Landmark UN climate report- 'code red for humanity'

The world's leading climate scientists on Monday delivered their starkest warning yet about the deepening climate emergency, with some of the changes already set in motion thought to be "irreversible" for centuries to come.

A highly anticipated report by the U.N.'s climate panel warns that limiting global warming to close to 1.5 degrees Celsius or even 2 degrees Celsius above pre-industrial levels "will be beyond reach" in the next two decades without immediate, rapid and large-scale reductions in greenhouse gas emissions. To be sure, the 1.5 degrees Celsius threshold is a crucial global target because beyond this level, so-called tipping points become more likely. Tipping points refer to an irreversible change in the climate system, locking in further global heating.
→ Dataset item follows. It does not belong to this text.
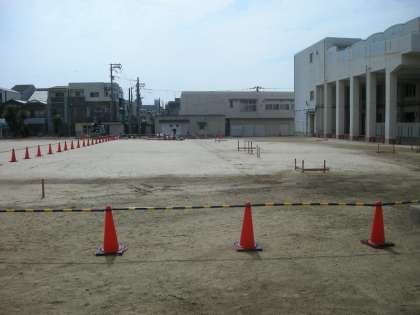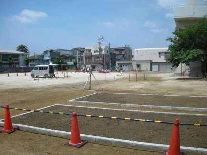仮設校舎の配置検査が行われました。いよいよ本格的に、仮設校舎建設が始まります。

At 2 degrees Celsius of global warming, the report says heat extremes would often reach critical tolerance thresholds for agriculture and health.

U.N. Secretary-General, António Guterres described the report as "a code red for humanity."

"The alarm bells are deafening, and the evidence is irrefutable: greenhouse gas emissions from fossil fuel burning and deforestation are choking our planet and putting billions of people at immediate risk," Guterres said.

The Intergovernmental Panel on Climate Change's latest findings, approved by 195 member states on Friday, deals with the physical science basis of climate change and outline how humans are altering the planet. It is the first installment of four reports released under the IPCC's current assessment cycle, with subsequent reports scheduled to be published next year.

The first part of the IPCC's Sixth Assessment Report provides world leaders with a gold standard summation of modern climate science ahead of U.N. climate talks, known as COP26, in early November.

Reacting to the report's publication, U.S. Special Presidential Envoy for Climate, John Kerry said the report underscored the "overwhelming urgency of this moment." U.K. Prime Minister Boris Johnson said he hoped it could be a "wake-up call" for global leaders ahead of COP26.

Swedish climate activist Greta Thunberg said the report contained no real surprises. "We can still avoid the worst consequences, but not if we continue like today, and not without treating the crisis like a crisis."